I absolutely agree with you but practically speaking, we don't have generic
async support today.
It's been my experience that holding up patch series for generic infrastructure
that does exist 1) causes unnecessary angst in contributors 2) puts pressure on
the infrastructure to get something in fast vs. get something in that's good.
And honestly, it's (2) that I worry the most about. I don't want us to rush
async support because we're eager to get block streaming merged. This is why
I'm not holding any new devices back while we get QOM merged even if it creates
more work for me and introduces new compatibility problems to solve.
I agree.
We also need to look at this interface as a public interface whether
we
technically committed it to or not. The fact is, an important user is relying
upon so that makes it a supported interface. Even though I absolutely hate it,
this is why we haven't changed the help output even after all of these years.
Not breaking users should be one of our highest priorities.
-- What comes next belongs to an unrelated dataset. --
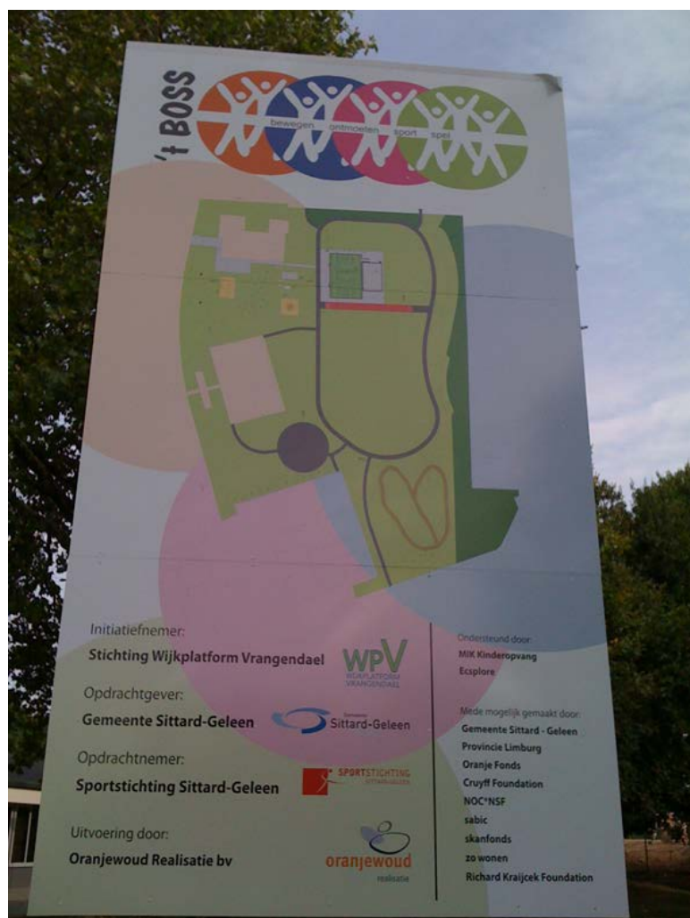
Figuur 1.8 Het plan voor het BOSS park.

Na de projectperiode (2010-2013) dient de organisatie ingebed te worden in een bewonersorganisatie die het beheer, het onderhoud en de exploitatie van het park gaat uitvoeren. Daartoe is de stichting het BOSS park in december 2013 opgericht. De projectperiode is echter nog met vier jaar verlengd en in 2014 is de statusquo gehandhaafd, wat betekent dat de sportstichting nog het beheer en onderhoud uitvoert. Doorontwikkeling naar een bewonersbedrijf heeft aan het einde van de onderzoeksperiode nog niet plaatsgevonden.

One thing I don't understand: how is libvirt relying on it if it doesn't
exist in qemu.git yet?
Now we could change this command to make it a better QMP interface
and we could
do that in a compatible fashion.
However, since I think we'll get proper async support really soon and that will
involve fundamentally changing this command (along with a bunch of other
commands), I don't think there's a lot of value in making cosmetic changes right
now. If we're going to break backwards compatibility, I'd rather do it once
than twice.
It goes beyond cosmetic changes. For example, will we allow other async
block commands to use this interface? And if we're doing this for block,
why not accept something similar for other subsystems if someone happen to
submit it?
Let me take a non-cosmetic change request example. The BLOCK_JOB_COMPLETED
event has a 'error' field. However, it's impossible to know which error
happened because the 'error' field contains only the human error description.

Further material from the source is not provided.